** Provided entries follows **

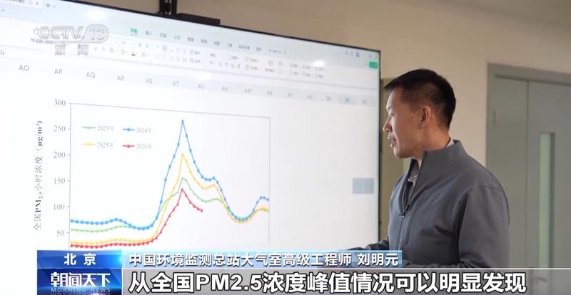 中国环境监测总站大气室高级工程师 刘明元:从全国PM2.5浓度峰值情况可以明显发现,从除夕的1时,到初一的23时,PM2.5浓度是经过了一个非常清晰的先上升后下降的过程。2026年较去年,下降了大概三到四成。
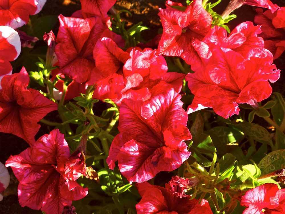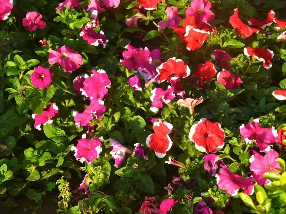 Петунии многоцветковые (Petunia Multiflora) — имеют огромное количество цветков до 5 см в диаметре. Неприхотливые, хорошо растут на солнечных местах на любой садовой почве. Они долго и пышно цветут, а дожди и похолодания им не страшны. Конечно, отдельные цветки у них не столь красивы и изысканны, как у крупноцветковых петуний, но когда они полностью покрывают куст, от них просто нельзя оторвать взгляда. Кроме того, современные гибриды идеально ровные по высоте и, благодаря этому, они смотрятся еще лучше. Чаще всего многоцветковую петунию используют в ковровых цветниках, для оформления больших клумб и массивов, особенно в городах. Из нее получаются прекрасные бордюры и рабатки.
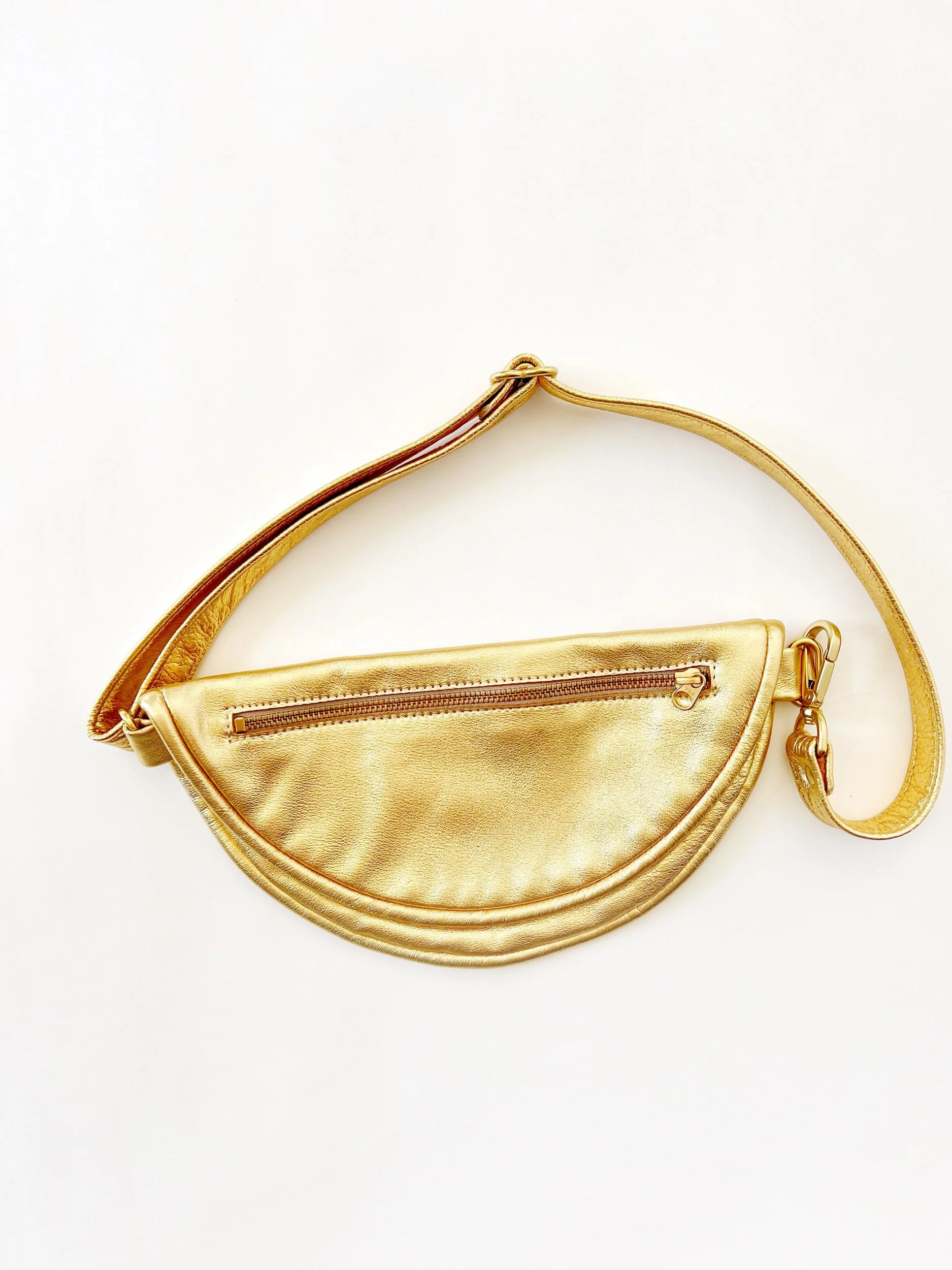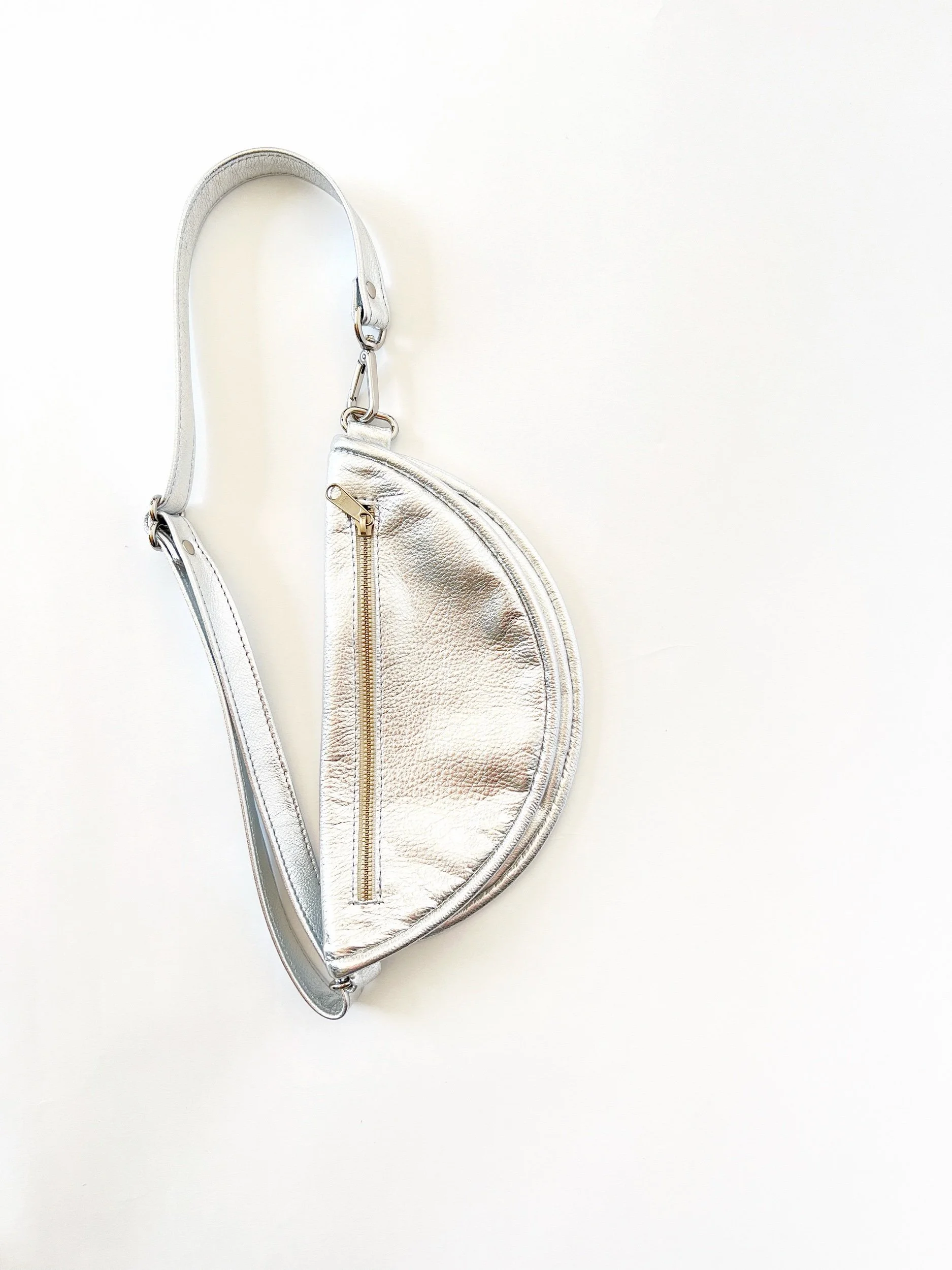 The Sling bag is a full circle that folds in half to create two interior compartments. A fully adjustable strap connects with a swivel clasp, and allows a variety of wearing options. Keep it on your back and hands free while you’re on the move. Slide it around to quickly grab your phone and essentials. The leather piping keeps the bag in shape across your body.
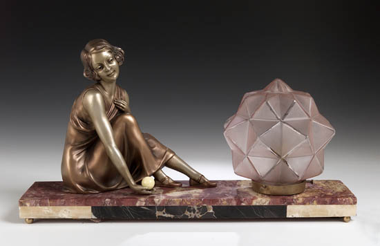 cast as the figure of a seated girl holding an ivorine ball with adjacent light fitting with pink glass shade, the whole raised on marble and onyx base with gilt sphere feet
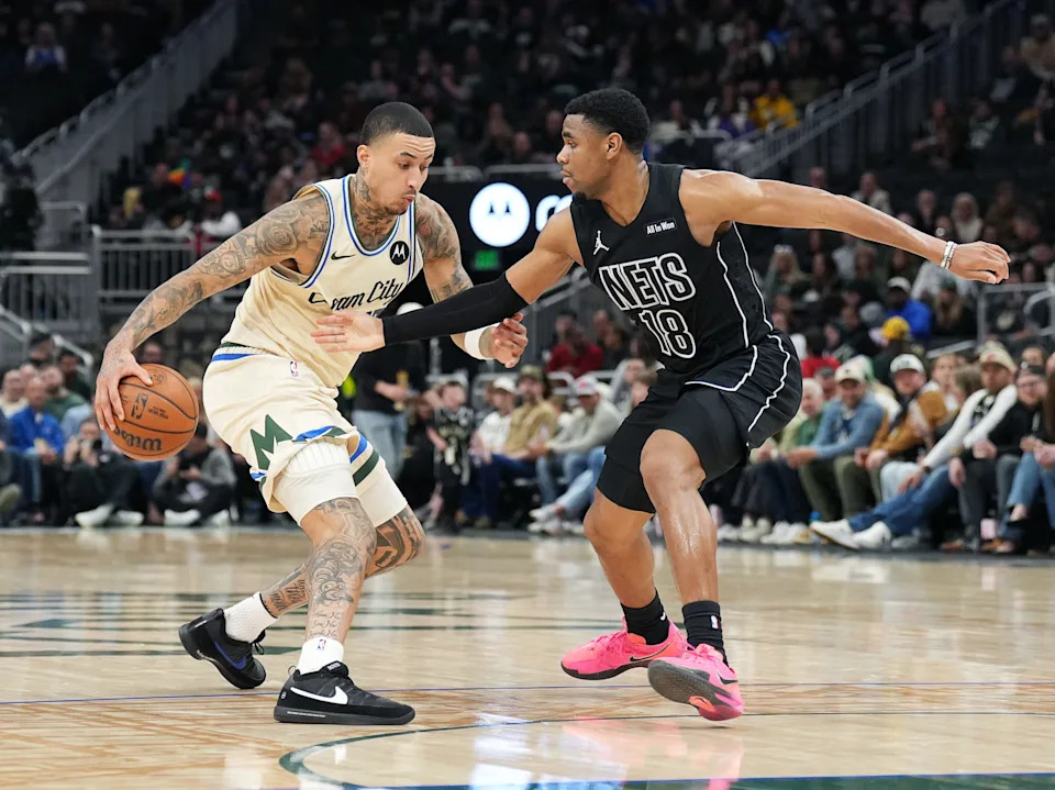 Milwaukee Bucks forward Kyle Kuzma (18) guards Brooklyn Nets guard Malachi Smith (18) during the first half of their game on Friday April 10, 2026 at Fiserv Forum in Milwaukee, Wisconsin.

** End of Provided entries **

• What the exercise asks
Reproduce the records word for word, please, from their first line up to and including the line that contains "Петунии многоцветковые (Petunia", but no pictures.

• Result
 中国环境监测总站大气室高级工程师 刘明元:从全国PM2.5浓度峰值情况可以明显发现,从除夕的1时,到初一的23时,PM2.5浓度是经过了一个非常清晰的先上升后下降的过程。2026年较去年,下降了大概三到四成。
 Петунии многоцветковые (Petunia Multiflora) — имеют огромное количество цветков до 5 см в диаметре. Неприхотливые, хорошо растут на солнечных местах на любой садовой почве. Они долго и пышно цветут, а дожди и похолодания им не страшны. Конечно, отдельные цветки у них не столь красивы и изысканны, как у крупноцветковых петуний, но когда они полностью покрывают куст, от них просто нельзя оторвать взгляда. Кроме того, современные гибриды идеально ровные по высоте и, благодаря этому, они смотрятся еще лучше. Чаще всего многоцветковую петунию используют в ковровых цветниках, для оформления больших клумб и массивов, особенно в городах. Из нее получаются прекрасные бордюры и рабатки.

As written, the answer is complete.